Observer GigaFlow Documentation

Documentation > Reference Manual for GigaFlow > Configuration

Configuration

Figure: The Configuration menu

Configuration menu.

Applications

GigaFlow comes loaded with a standard set of application port and protocol definitions. Flow records are associated with application names if there is a match.

Users can define their own application names within the software and have that application ID (Appid) available within the flow record. There are 3 techniques used, applied in order:

  1. Customers can define an application profile which lets them match traffic by source/destination IP address, source/destination port, source/destinaton MAC address, protocol, COS and/or nested rules.
  2. They can assign their own application names to specificed IP ports, i.e. create Named Applications.
  3. Or, if there are no user defined settings, the software will select the lowest port.

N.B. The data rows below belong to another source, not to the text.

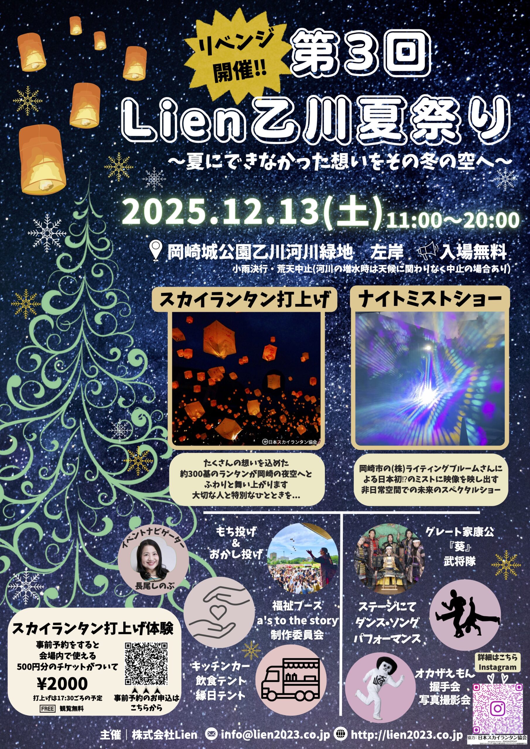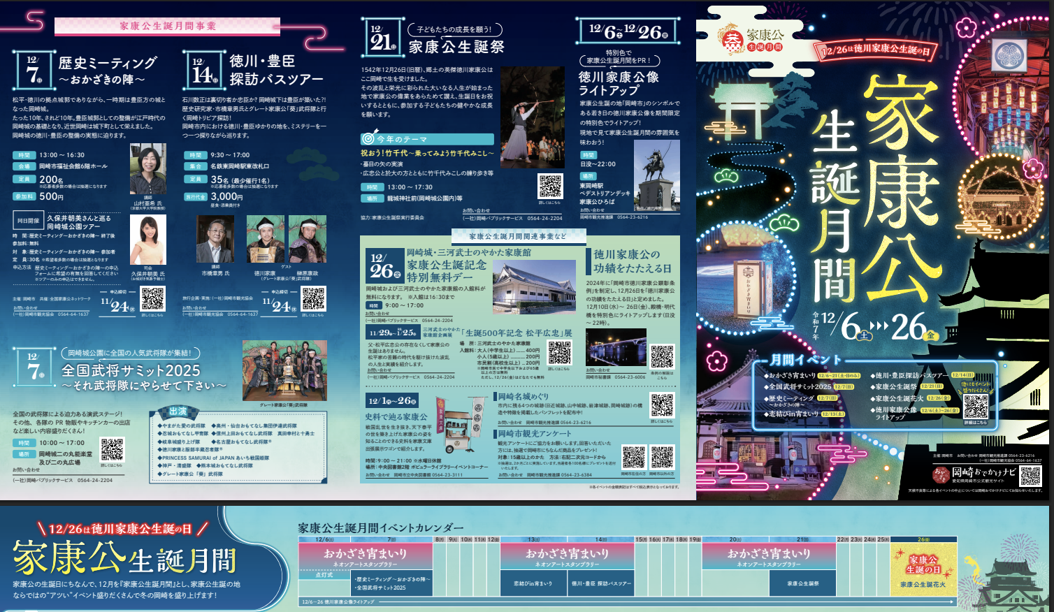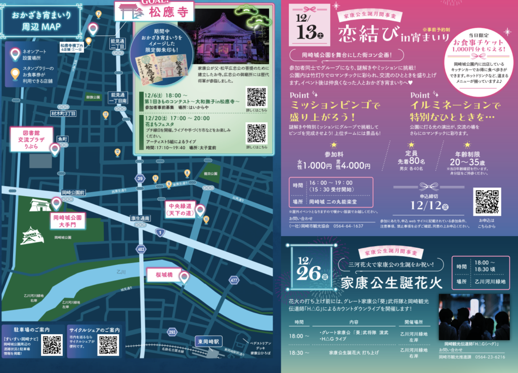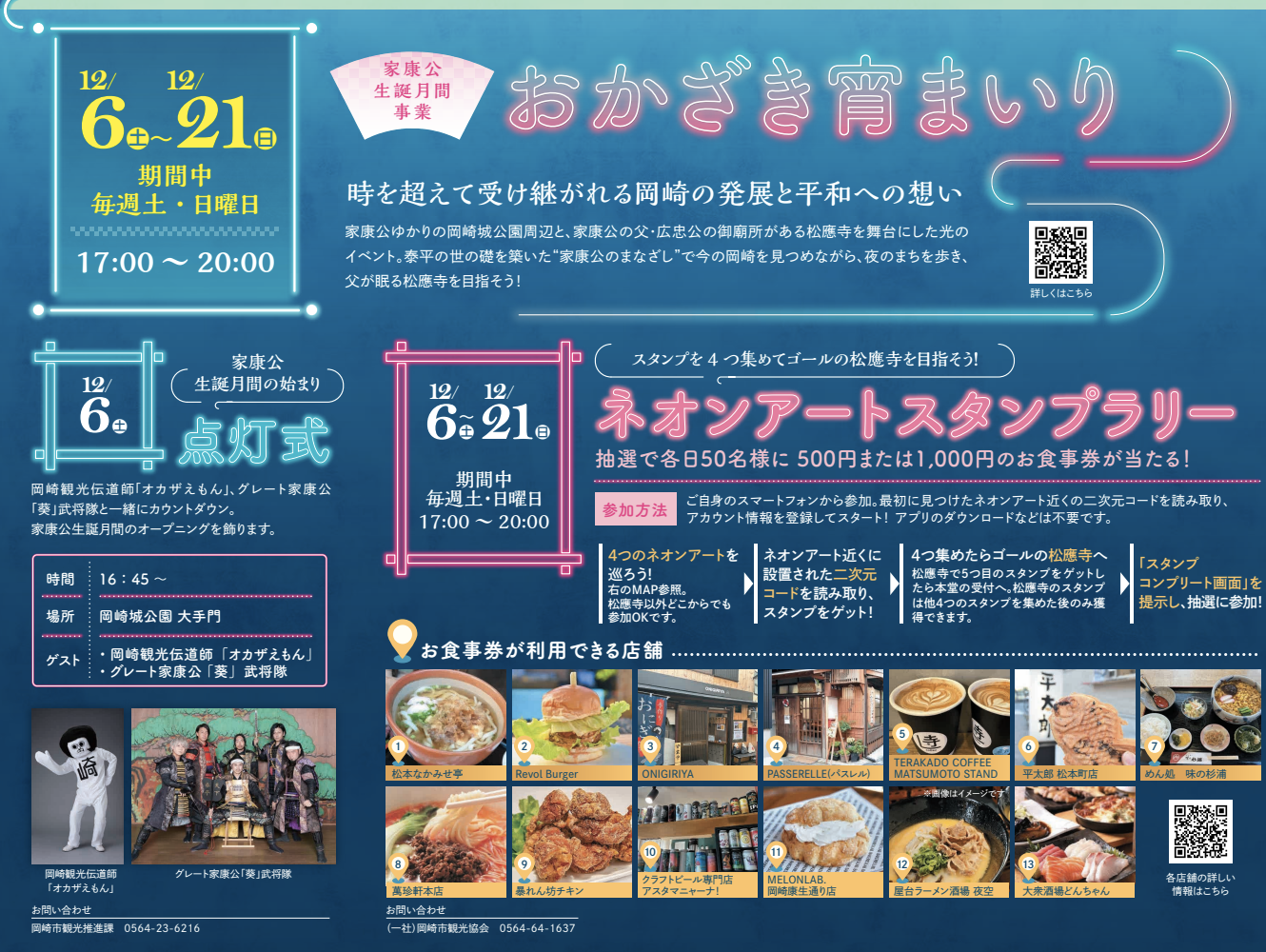 おかざき宵まいり時を超えて受け継がれる岡崎の発展と平和への想い家康公ゆかりの岡崎城公園周辺と、家康公の父・広忠公の御廟所がある松應寺を舞台にした光のイベント。 家康公生誕月間の始まり 岡崎観光伝道師「オカザえもん」、グレート家康公「葵」武将隊と一緒にカウントダウン! ゲスト/岡崎観光伝道師「オカザえもん」、グレート家康公「葵」武将隊 開催日/12月6日(土) 時間/16:45~ 場所/岡崎城公園 大手門 期間中イベント盛りだくさんでござる〜みなさま是非お出かけくだされ〜 ![]() ![]() ![]() |
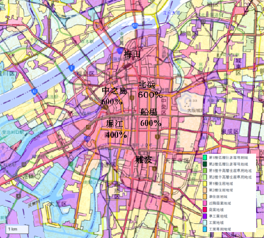 一方、大阪都心は高容積率の商業地域が主体で、用途混在には向かないエリアとなっています。実際、中心部の船場や心斎橋、中之島には、東京都心のような低層の用途混在ビルはあまり見られず、単一用途の高層オフィスが林立しています。
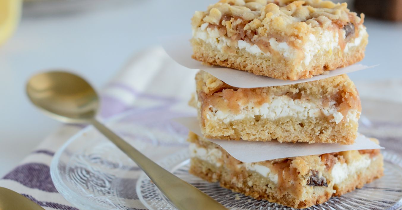 Z ingrediencií vypracujeme elastické cesto, ktoré dáme aspoň na hodinu do chladničky. Tvaroh zmiešame s vajíčkami, cukrom, hrozienkami a kôrou. Jablká ošúpeme a nastrúhame. Prebytočnú šťavu zlejeme, dochutíme citrónovou šťavou, škoricou a cukrom.

Configuration - Applications

Add Defined Application
  • In the New Defined Application section, specify a name, a description and select the flow object that is associated with the application.
  • Click Save to add the application.
Add Flow Object
  • Specify the flows that make up the object.

Flow Objects are defined by:

  • Name.
  • Description.
  • Device IP address (Device IP).
  • Source IP address (Src IP).
  • Source MAC address (Src MAC).
  • Source Port (Src Port).
  • Source Traffic Group.
  • Destination IP address (Dst IP).
  • Destination MAC address (Dst MAC).
  • Destination Port (Dst Port).
  • Destination Traffic Group.
  • Protocol.
  • Class of Service (COS).
  • Negate (True/False)

IP addresses, MAC addresses, Ports and Traffic Groups can also be defined as both Source/Destination.

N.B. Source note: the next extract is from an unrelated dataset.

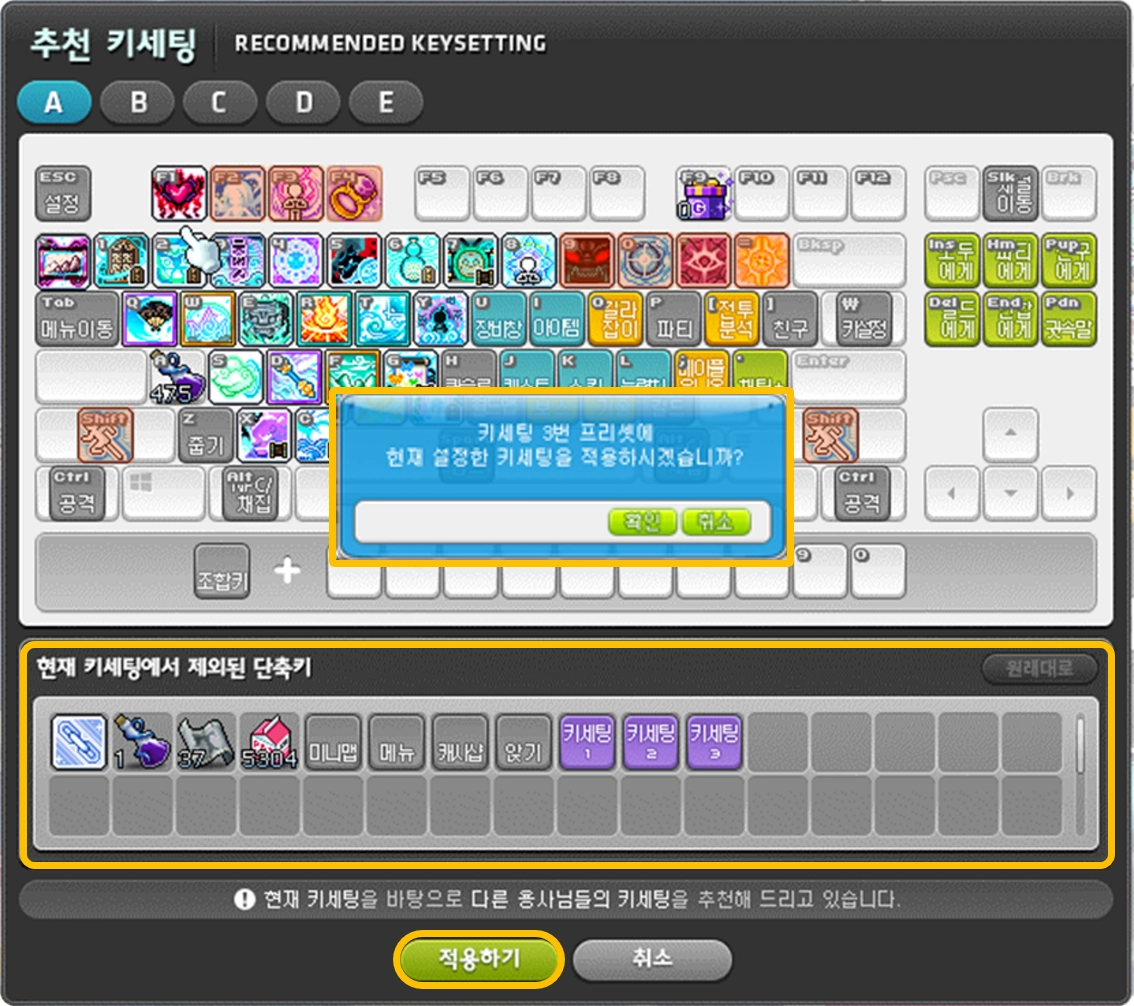 추천 받은 키세팅은 “적용하기” 기능을 통해 가져올 수 있으며, 이 과정에서 개인의 취향에 맞게 스킬이나 아이템의 위치를 수정할 수도 있습니다.
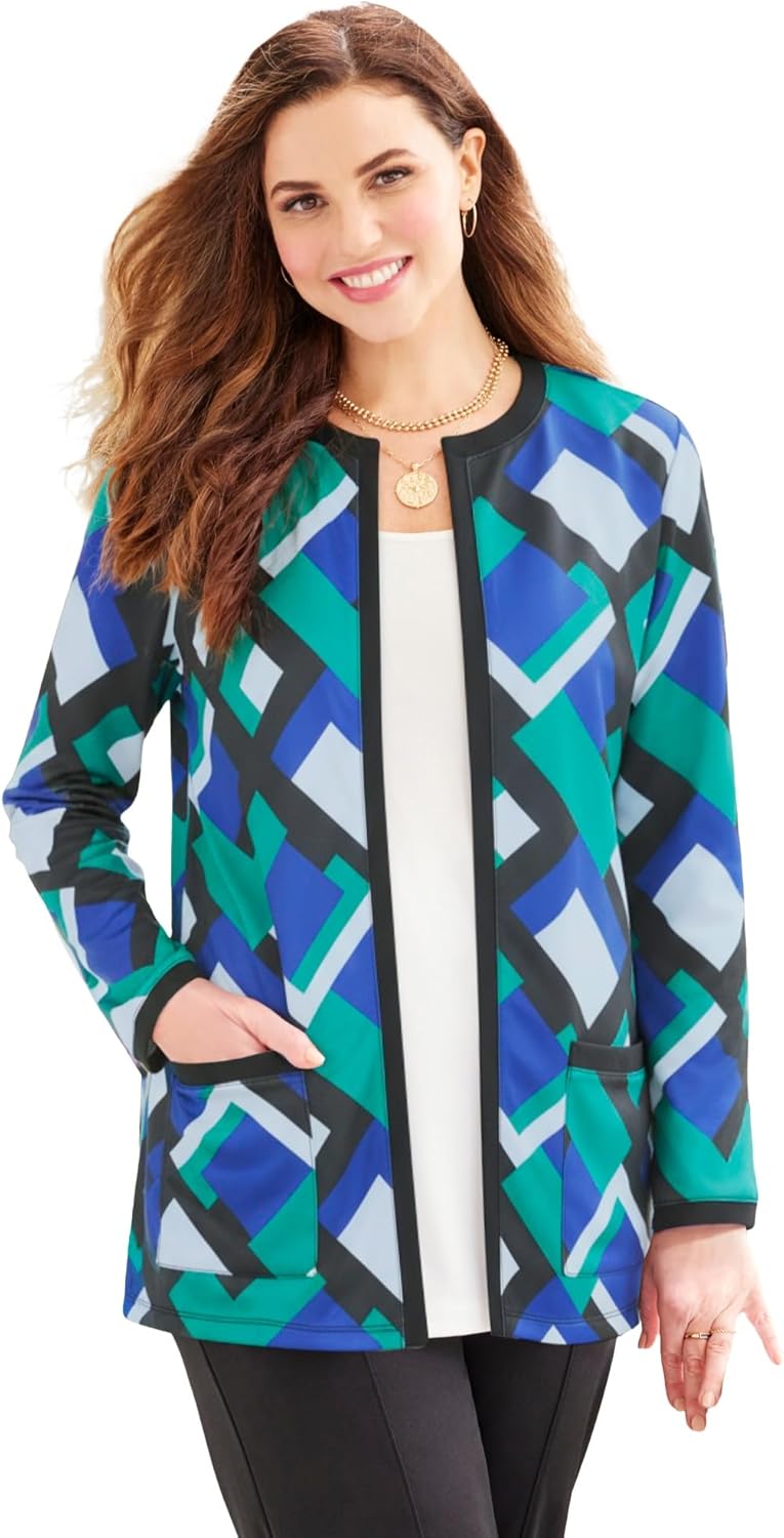 There’s something so wonderfully elegant about a blazer that commands everyone’s attention with its quiet, chic attitude. This blazer proves the point. Designed with our soft and stretchy ponte fabric, it’s styled with a jewel neckline, contrast piping, and patch pockets, and is cut close to the body with a comfy, flattering fit, that seems to automatically elevate the look of any outfit, as if right on cue. FABRIC: Our Ponte fabric is so soft and smooth, with the perfect amount of stretch that gracefully follows your form, giving you all the comfort and ease you love. FIT: Relaxed silhouette, Hook-and-Eye closure at neck, long sleeves, straight hem. Contrast piping detail. Patch pockets. 73% Polyester/22% Rayon/5% Spandexbr>Machine washbr>Imported Plus Size Blazerbr>30" Lengthbr>Plus Sizes 0x-6xbr>Catherines

You can add ANDd existing profile(s) to the new Flow Object, i.e. the new definitions are added to the existing profile(s).

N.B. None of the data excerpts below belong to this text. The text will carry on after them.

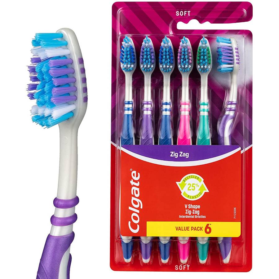فرشاة أسنان كولجيت Zig Zag بشعيرات ناعمة. تتميز بترتيب شعيرات متعرج للوصول بين الأسنان، لكن بشعيرات ناعمة لتكون لطيفة على اللثة. خيار جيد لمن يفضلون التنظيف اللطيف مع فعالية الوصول بين الأسنان.
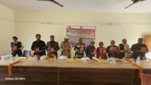 कवयित्री चंद्रलेखा सिंह की तृतीय पुस्तक साहित्य दर्शन का हुआ विमोचन - कई लोगों को अंगवस्त्र, पुस्तक, डायरी व लेखनी देकर किया गया सम्मानित - सोनभद्र बार एसोसिएशन सभागार में हुआ आयोजन सोनभद्र। शहीद स्थल प्रवंधन ट्रस्ट करारी, साहित्य दीप संस्थान व दयानंद साहित्य संस्था के तत्वावधान में शनिवार को सोनभद्र बार एसोसिएशन सभागार में कवयित्री चंद्रलेखा सिंह की तृतीय पुस्तक साहित्य दर्शन का विमोचन किया गया। साथ ही नव निर्वाचित बार के अध्यक्ष अशोक श्रीवास्तव एडवोकेट का सारस्वत अभिनन्दन किया गया। कवयित्री चंद्रलेखा सिंह को भी अंगवस्त्र माल्यार्पण कर साहित्य सर्जना के लिए सम्मानित किया गया। इसके अलावा कई मानिंद लोगों को अंगवस्त्र, पुस्तक, डायरी व लेखनी देकर सम्मानित किया गया।कार्यक्रम की अध्यक्षता महामहिम राष्ट्रपति से पुरस्कृत शिक्षक ओमप्रकाश त्रिपाठी व मुख्य अतिथि वरिष्ठ साहित्यकार कथा शिल्पी रामनाथ शिवेन्द्र, पूर्व बार अध्यक्ष चंद्र प्रकाश दिवेदी एड ने शारदे की प्रतिमा पर दीपदान माल्यार्पण कर विधिवत आयोजन का आगाज किया। गीतकार ईश्वर विरागी ने वाणी वंदना कर तथा गणतंत्र दिवस के उपलक्ष्य में आयोजित कवि सम्मेलन में अपनी कविता, थाम लेंगे वक्त को चलने न देंगे ऐ हिंद हम तुझको कभी झुकने न देंगे सुनाकर शुरुआत में ही आयोजन को भव्यता प्रदान किया। प्रयागराज फूलपुर से आये शारिक मखदूम ने अनेक गजल नज्म सुनाये खूब जमे। उनकी गजल,इंसानियत थी जिसमें वो इंसा कहाँ गए। हिन्दू कहाँ गये वो मुसलमां कहाँ गये। खूब सराही गयी।
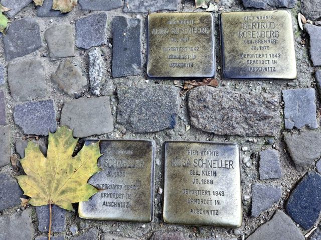 유럽의 도시들을 가보면 보행자들이 오가는 길거리 바닥에 특이한 표식판들이 눈길을 끈다. 위대한 예술가의 탄생지나 기념비적 방문지 같은 곳을 가리키는 표식판도 있고, 전쟁 영웅을 기리는 표식판들도 있다. 홀로코스트 희생자를 기리는 추모판들도 제법 많다. 크기는 일정하진 않지만 대체로 가로-세로 10cm쯤이고 황동 또는 대리석으로 만들었다. 희생자 개인의 이름, 출생연도, 강제수용소 이송연도(대개는 1940-1943년 사이), 이송지(숨진 곳)가 짧게 적혀있다. 이를테면, '여기에 볼프강 호르스트 칸닌카가 살았다. 1926년생, 1942년 민스크로 강제 이주' 등이다.

You can also select alternative existing profile(s) that this new profile also maps to (ORd), i.e. the new Flow Object uses either the new definitions or the existing Flow Object definitions.

To ANDd or ORd profile(s), use the drop-down menu in the Flow Object definitions and click the +.

As an example, a printer installation at a particular location connected to a particular router can be defined by a Flow Object that consists of:

  • A printer Flow Object.
  • ANDd a location Flow Object.
  • ANDd a router Flow Object.

Or

  • The Flow Object could define the IP address of a server and the web port(s).

A second Flow Object can be defined that will have its flow checked against the Allowed profile; this is an Entry profile.

Add Protocol/Port Application

To add a protocol or port application, click the Add protocol/port application icon and enter:

  • Name: Name of the application.
  • Protocol: the network protocol associated with the application.
  • Port: the port number associated with the application.

Click Save.

Existing Defined Application

Already defined applications are listed here. Existing applications can be edited to associate icons.

Existing Flow Objects

Already defined flow objects are listed here.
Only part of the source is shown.